● EXERCISE: Starting with the first line of the data below, copy each line up to and including the one containing "The MPQ6635-AEC1 is". Pictures stay out.

════════════════════

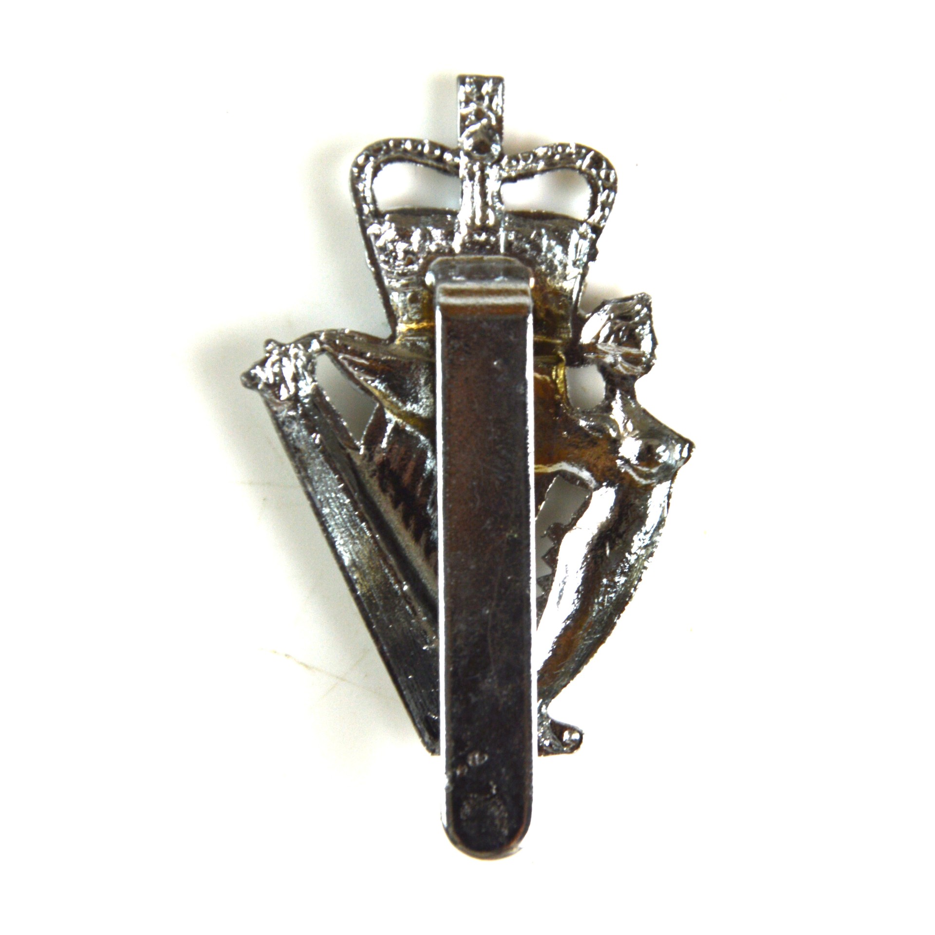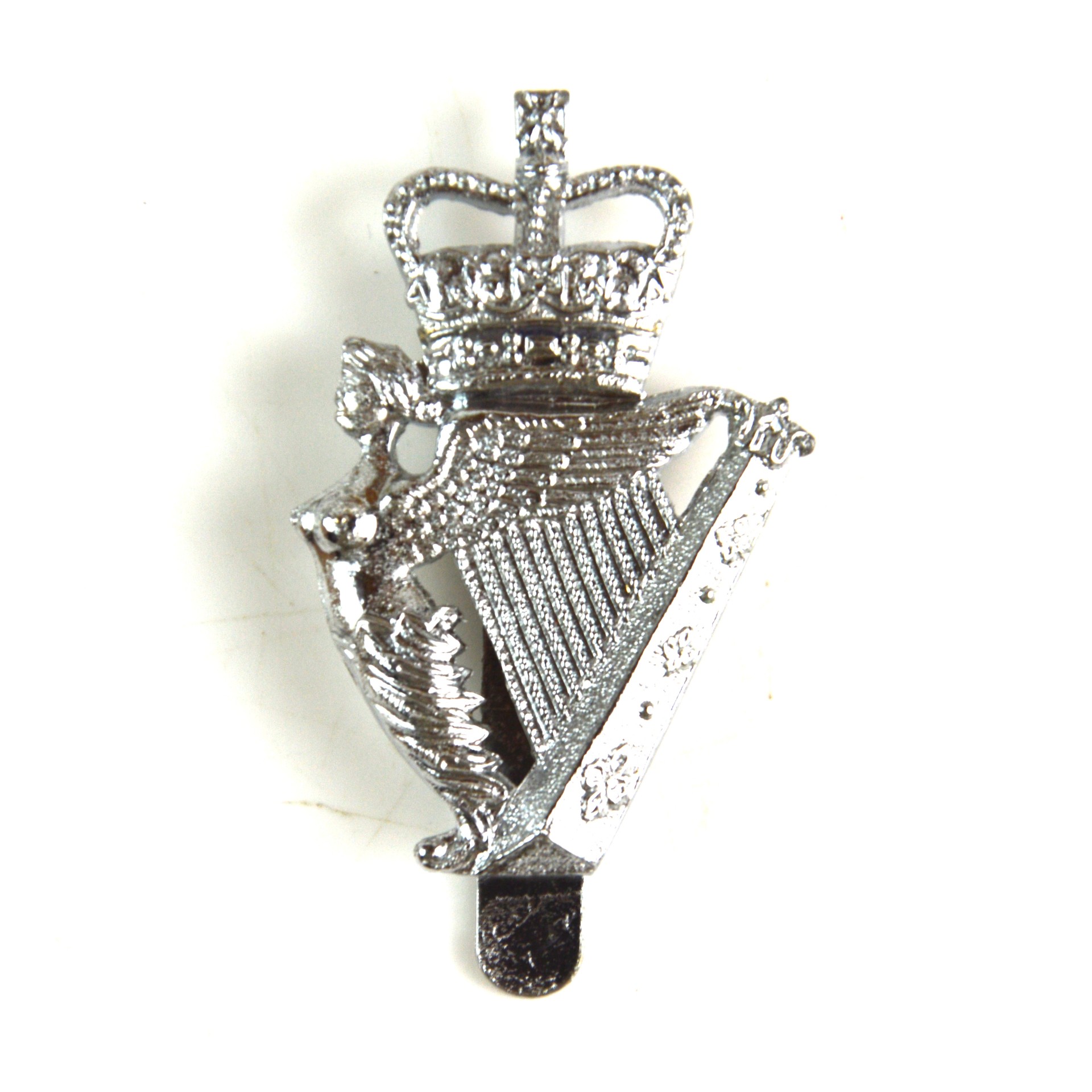 Manufactured in nickel-plated white metal consistent with modern British Army beret insignia, this example represents the lightweight pattern widely adopted for everyday service dress. Royal Irish Regiment cap badges are collected as examples of contemporary British Army militaria, Irish regimental insignia, and modern uniform hardware.
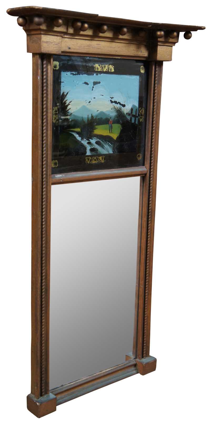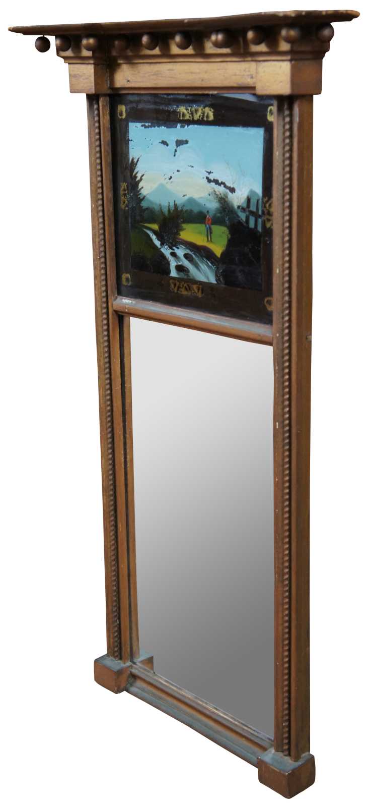 Antique Federal Giltwood Trumeau Pier Mirror Eglomise Reverse Painted Regency
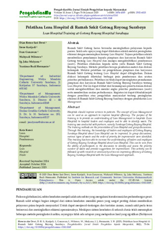 Dewi, Dian Retno Sari and Karijadi, Irene and Gunawan, Ivan and Wibowo, Wahyudi and Mulyana, Ig. Jaka and Hermanto, Yustinus Budi (2025) Pelatihan Lean Hospital di Rumah Sakit Gotong Royong Surabaya. PengabdianMu: Jurnal Ilmiah Pengabdian kepada Masyarakat, 10 (1). pp. 78-86. ISSN 2654-4385 (online); 2502-6828 (print)
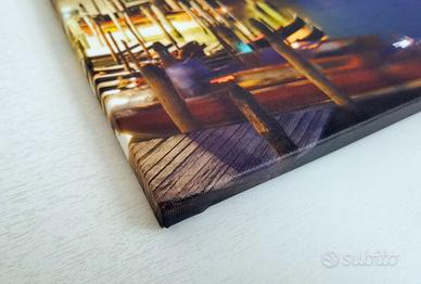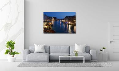 Quadro moderno stampa su tela di Venezia con vista sul Canal Grande da Ponte di Rialto, ambientazione serale - cm 45 x 30. NUOVO MAI USATO.
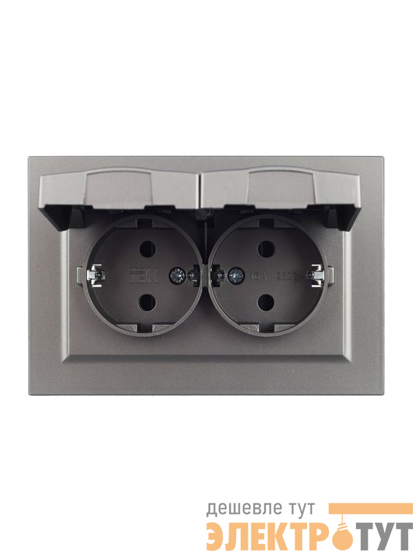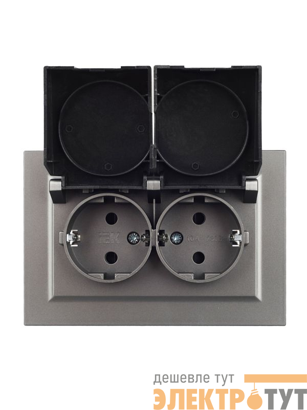 | Розетка 2-м СП BRITE РСбш12-3-44-БрС 16А в сборе IP44 с крышкой сталь IEK BR-R26-16-44-K46-F
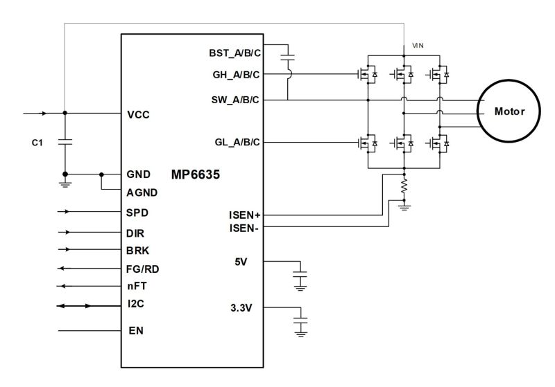 The MPQ6635-AEC1 is a three-phase, sensorless, brushless DC (BLDC) motor driver with a configurable gate driver. It features sensorless field-oriented control (FOC) for improved efficiency and low vibration. The input voltage (VIN) ranges between 6V and 35V.
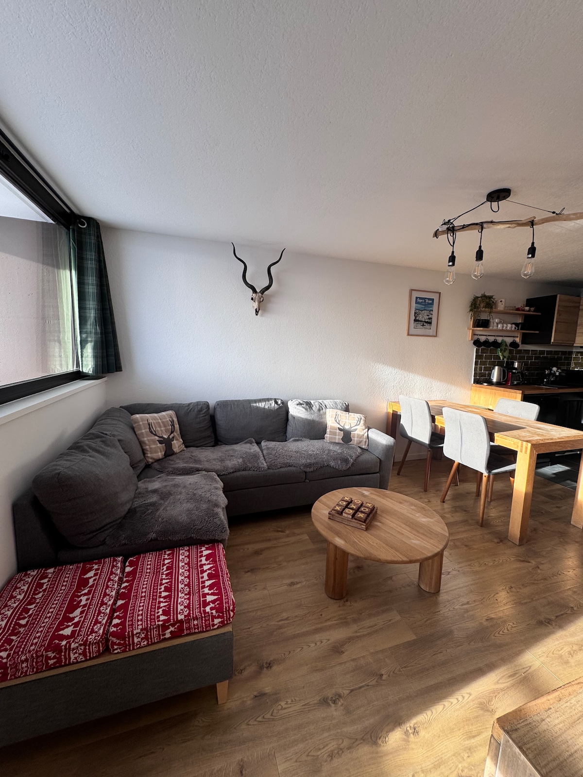 Logement parfaitement situé offre un accès à tous les sites et commodités. Petit plus linge fourni à partir de 7 nuitées ,lits fait à l’arrivée et ménage inclus...des vrais vacances !!! Très beau T3 rénové situé tour de la biche au 16eme étages . Vue imprenable sur la station . La résidence est très appréciée pour sa proximité de l’hyper centre et du départ ski au pied . Descritif: Exposé sud Chambre 1 lit double 160 Chambre 2 lits superposés Salle de douche Casier à ski et wifi Balcon

════════════════════

● RESULT BELOW:
 Manufactured in nickel-plated white metal consistent with modern British Army beret insignia, this example represents the lightweight pattern widely adopted for everyday service dress. Royal Irish Regiment cap badges are collected as examples of contemporary British Army militaria, Irish regimental insignia, and modern uniform hardware.
 Antique Federal Giltwood Trumeau Pier Mirror Eglomise Reverse Painted Regency
 Dewi, Dian Retno Sari and Karijadi, Irene and Gunawan, Ivan and Wibowo, Wahyudi and Mulyana, Ig. Jaka and Hermanto, Yustinus Budi (2025) Pelatihan Lean Hospital di Rumah Sakit Gotong Royong Surabaya. PengabdianMu: Jurnal Ilmiah Pengabdian kepada Masyarakat, 10 (1). pp. 78-86. ISSN 2654-4385 (online); 2502-6828 (print)
 Quadro moderno stampa su tela di Venezia con vista sul Canal Grande da Ponte di Rialto, ambientazione serale - cm 45 x 30. NUOVO MAI USATO.
 | Розетка 2-м СП BRITE РСбш12-3-44-БрС 16А в сборе IP44 с крышкой сталь IEK BR-R26-16-44-K46-F
 The MPQ6635-AEC1 is a three-phase, sensorless, brushless DC (BLDC) motor driver with a configurable gate driver. It features sensorless field-oriented control (FOC) for improved efficiency and low vibration. The input voltage (VIN) ranges between 6V and 35V.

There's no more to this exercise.